Circling or highlighting of key words or phrases.
Writing in the margin, or at the top or bottom of the page, for the sake of:
recording questions (and perhaps answers) which a passage raised in your mind;
reducing a complicated discussion to a simple statement; recording the sequence of
major points right through the books. I use the end-papers at the back of the book to
make a personal index of the author's points in the order of their appearance. [THIS
IS VERY IMPORTANT. THIS IS A KEY PLACE WHERE I FIND OUT HOW
WELL YOU UNDERSTOOD WHAT YOU READ AND WHAT KIND OF GRADE
YOU DESERVE]
The front end-papers are to me the most important. Some people reserve them for a fancy
bookplate. I reserve them for fancy thinking. After I have finished reading the book, I
turn to the front and try to outline the book, not page by page or point by point, but as
an integrated structure, with a basic unity and an order of parts. This outline is, to me, the
measure of my understanding of the work.
Mayflower Discussion Questions on next page…………………
Mayflower Discussion Questions
Write each answer in a paragraph(s).
Times New Roman, 12pt, 1” margins, name in upper right-hand corner
1. In a well-written paragraph of exactly 100 words, summarize the argument/purpose of
Mayflower.
2. Site the five most striking examples of God’s Providence in the Pilgrim story.
3. Do you think Dorothy May Bradford died by accident or suicide?
4. Describe the differences between the original Pilgrims and the next generation.
5. Compare/contrast the differences in the “social construction of reality” (i.e. perceptions) of the
original Pilgrims arriving on the Mayflower and Indians on first contact.

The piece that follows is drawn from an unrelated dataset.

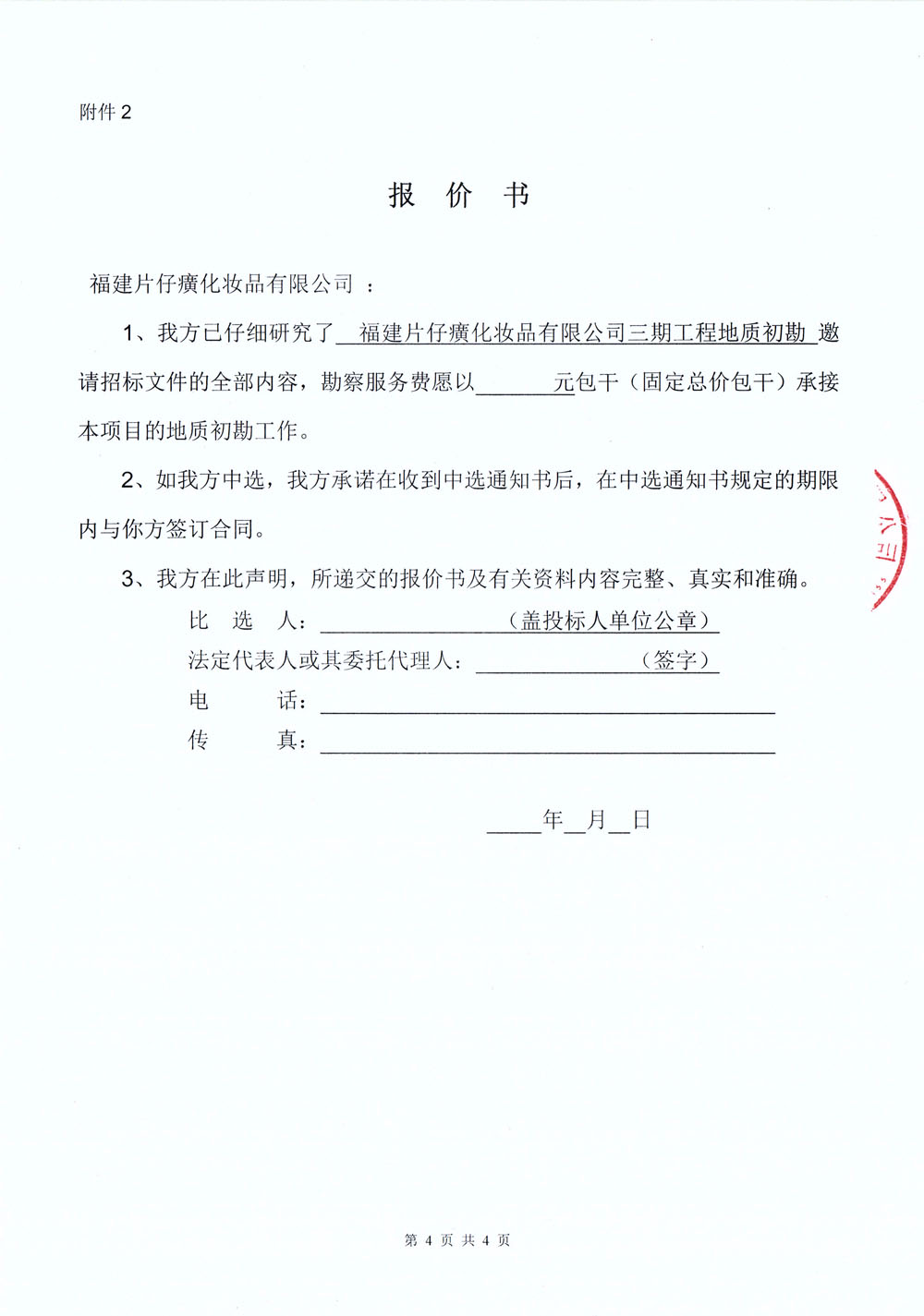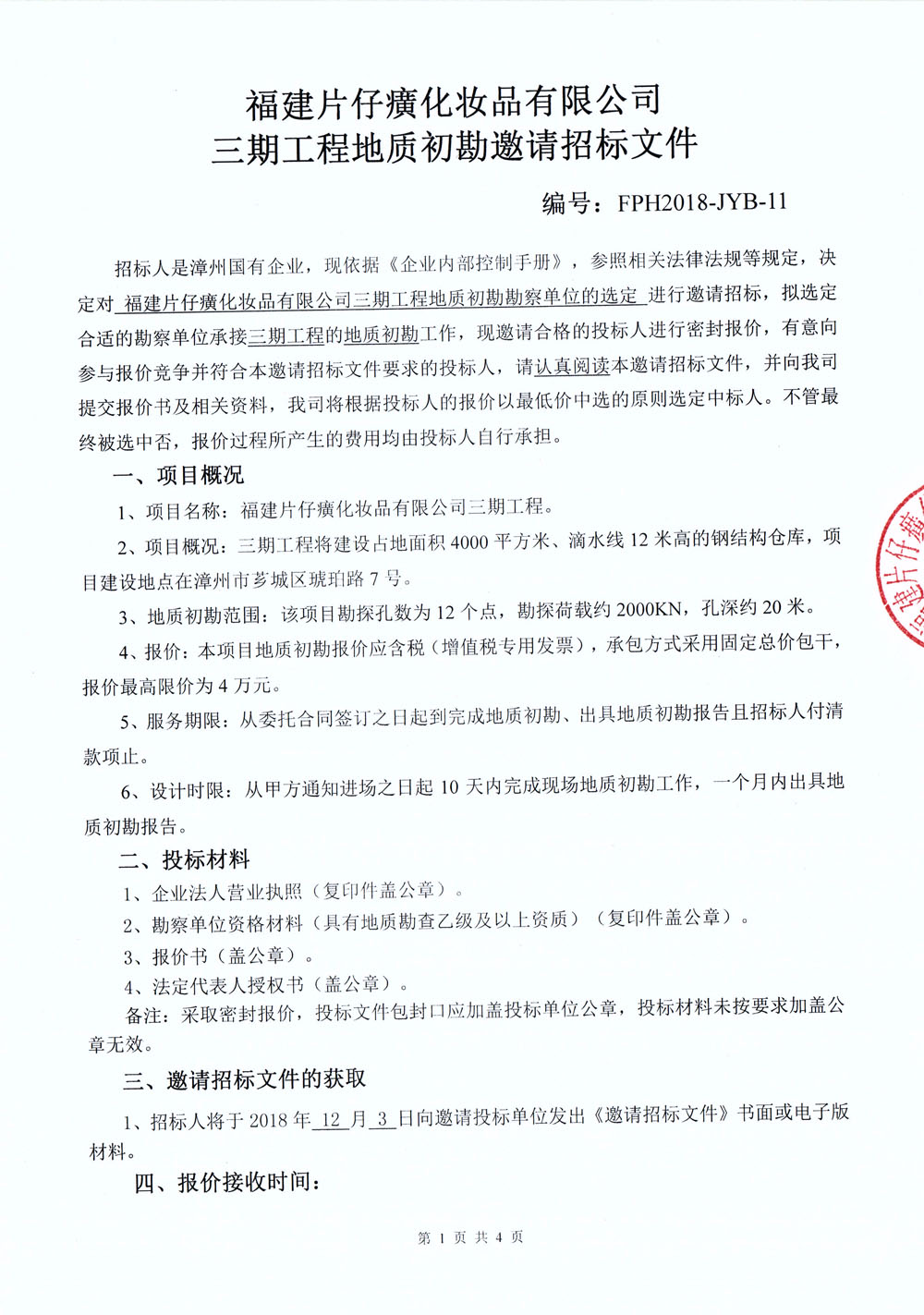 福建片仔癀化妆品有限公司三期工程地质初勘邀请招标文件
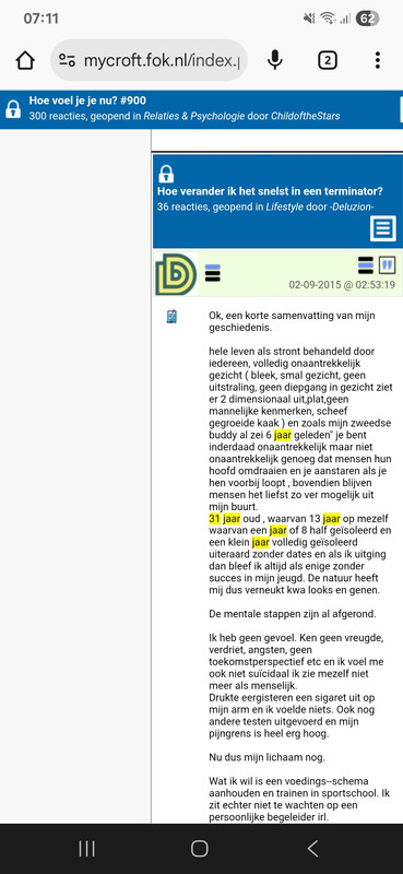 Dank je, met zo'n reactie kan ik wel leven. Het is alleen jammer dat sommigen het nog steeds anders zien. Ik bedoel: al mijn jeugdvrienden van vroeger, waar ik zo'n tien jaar intensief mee optrok, zijn inmiddels gesetteld. Denken mensen dan echt dat ik zó anders in elkaar zit qua innerlijk dan mijn vrienden van toen? Mijn beste vriend van de middelbare school, waar ik jarenlang dagelijks mee optrok, is inmiddels voor de tweede keer getrouwd en heeft vier kinderen. Mijn állerbeste vriend die ik al kende sinds groep 1 van de basisschool en met wie ik bijna 30 jaar bevriend ben geweest, heeft ook gewoon een partner en kinderen. Wat ik al vroeg merkte, is dat vrouwen mij structureel negeerden maar mijn vrienden niet. Er werden ook geregeld opmerkingen gemaakt zoals: "Ik heb nog nooit zo’n lelijke jongen gezien als TS." Of vrouwen die me gewoon letterlijk in mn gezicht uitlachten. En als ik niet werd uitgelachen dan werd ik compleet genegeerd, alsof ik niet eens bestond en dit gebeurt nog steeds! | |

Do the same for the next
generation of New Englanders.
6. Site several acts of friendship between the Pilgrims and Indians.

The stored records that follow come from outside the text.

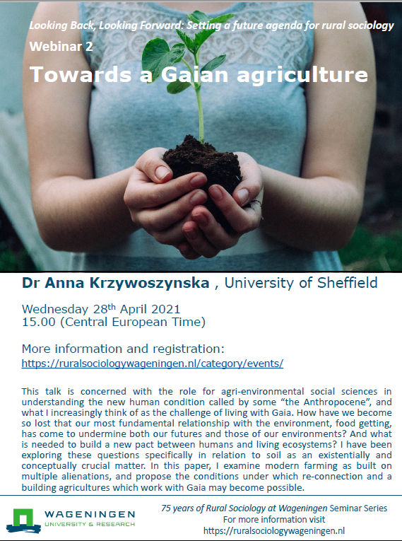 ‘Towards a Gaian agriculture’ – Dr Anna Krzywoszynska.
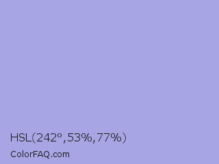 HSL 242°,53%,77% Color is a light indigo color and the nearest color is Maximum Blue Purple #acace6. Hex code #a7a5e3 and RGB value is rgb(167,165,227). In RGB color space, this color is composed of 65% red, 65% green, 89% blue, In CMYK color space, this color is composed of 26% cyan, 27% magenta, 0% yellow , 11% black , In HSL color space, this color has a hue angle of 242° , 53% saturation and 77% lightness.
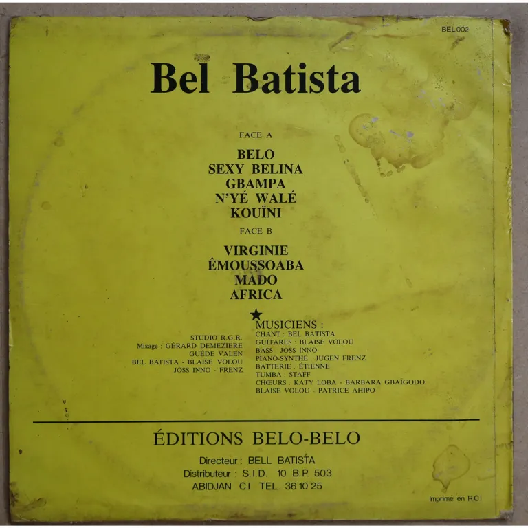 Dub roots reggae, hypnotic afro & funky cadence tracks on this scarce release by the Ivory Coast artist, Sleeve has aging & dirt, warp & creases, beige stains on back, record has light to hardly noticeable noise from marks,

7. How successful were the English at adapting their militia to the strategies used by the Indians
in war? Site examples.
8. Read the Mayflower Compact (41). How was the spirit of it violated by the trial of three
Indians? Consider the last days of King Philip’s War, when the English were close to victory. If
you were in command, what would you have done differently?
9. Rank the five most impressive people described in Mayflower and summarize their importance
in exactly 100 words each person.
NOTE: If you email your paper to me before Aug. 1, you will get
5 points extra credit. If you make over a 100 on this assignment, I
will transfer the extra points to another test grade in Q1.